Information provided
╭──

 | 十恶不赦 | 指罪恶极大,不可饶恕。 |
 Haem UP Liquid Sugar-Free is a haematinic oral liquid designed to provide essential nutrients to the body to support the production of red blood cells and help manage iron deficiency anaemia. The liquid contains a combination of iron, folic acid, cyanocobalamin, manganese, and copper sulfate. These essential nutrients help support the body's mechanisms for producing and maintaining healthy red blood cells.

╰──
╭──

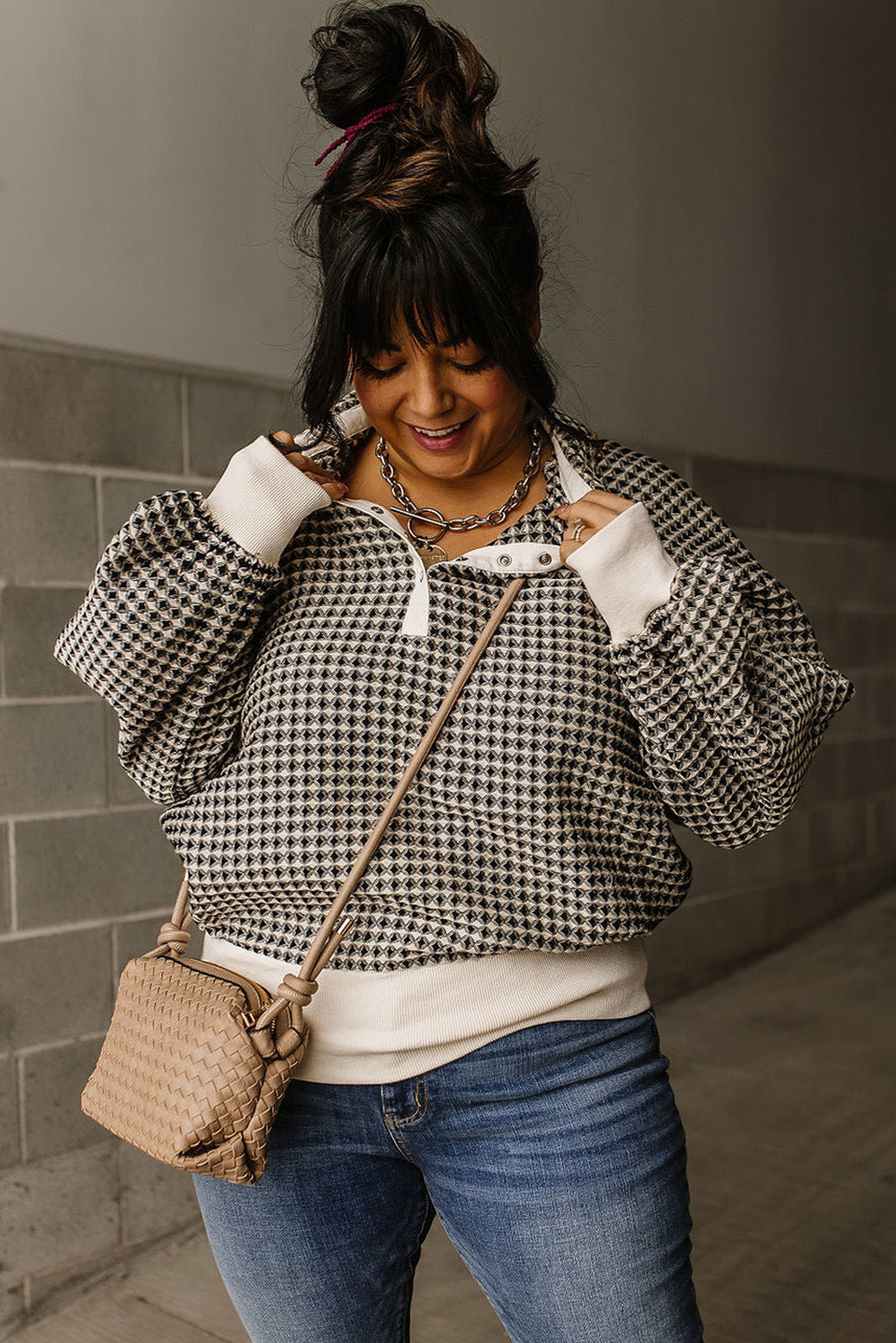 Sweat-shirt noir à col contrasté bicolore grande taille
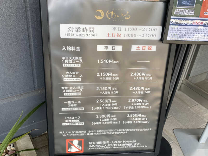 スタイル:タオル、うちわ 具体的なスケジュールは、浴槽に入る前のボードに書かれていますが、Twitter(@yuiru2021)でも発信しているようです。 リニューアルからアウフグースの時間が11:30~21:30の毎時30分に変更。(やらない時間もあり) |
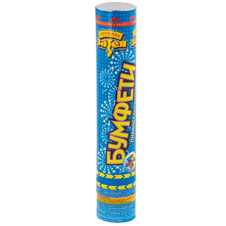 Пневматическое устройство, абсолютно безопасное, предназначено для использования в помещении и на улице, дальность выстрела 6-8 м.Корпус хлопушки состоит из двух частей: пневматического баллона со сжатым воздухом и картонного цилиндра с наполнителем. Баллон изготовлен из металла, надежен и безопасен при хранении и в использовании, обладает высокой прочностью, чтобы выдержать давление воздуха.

╰──

Exercise requirements
All lines above between those holding "十恶不赦 | 指罪恶极大,不可饶恕。 |" and "Haem UP Liquid", inclusive, must be set down unchanged, and no other line may be included.

Result below
 | 十恶不赦 | 指罪恶极大,不可饶恕。 |
 Haem UP Liquid Sugar-Free is a haematinic oral liquid designed to provide essential nutrients to the body to support the production of red blood cells and help manage iron deficiency anaemia. The liquid contains a combination of iron, folic acid, cyanocobalamin, manganese, and copper sulfate. These essential nutrients help support the body's mechanisms for producing and maintaining healthy red blood cells.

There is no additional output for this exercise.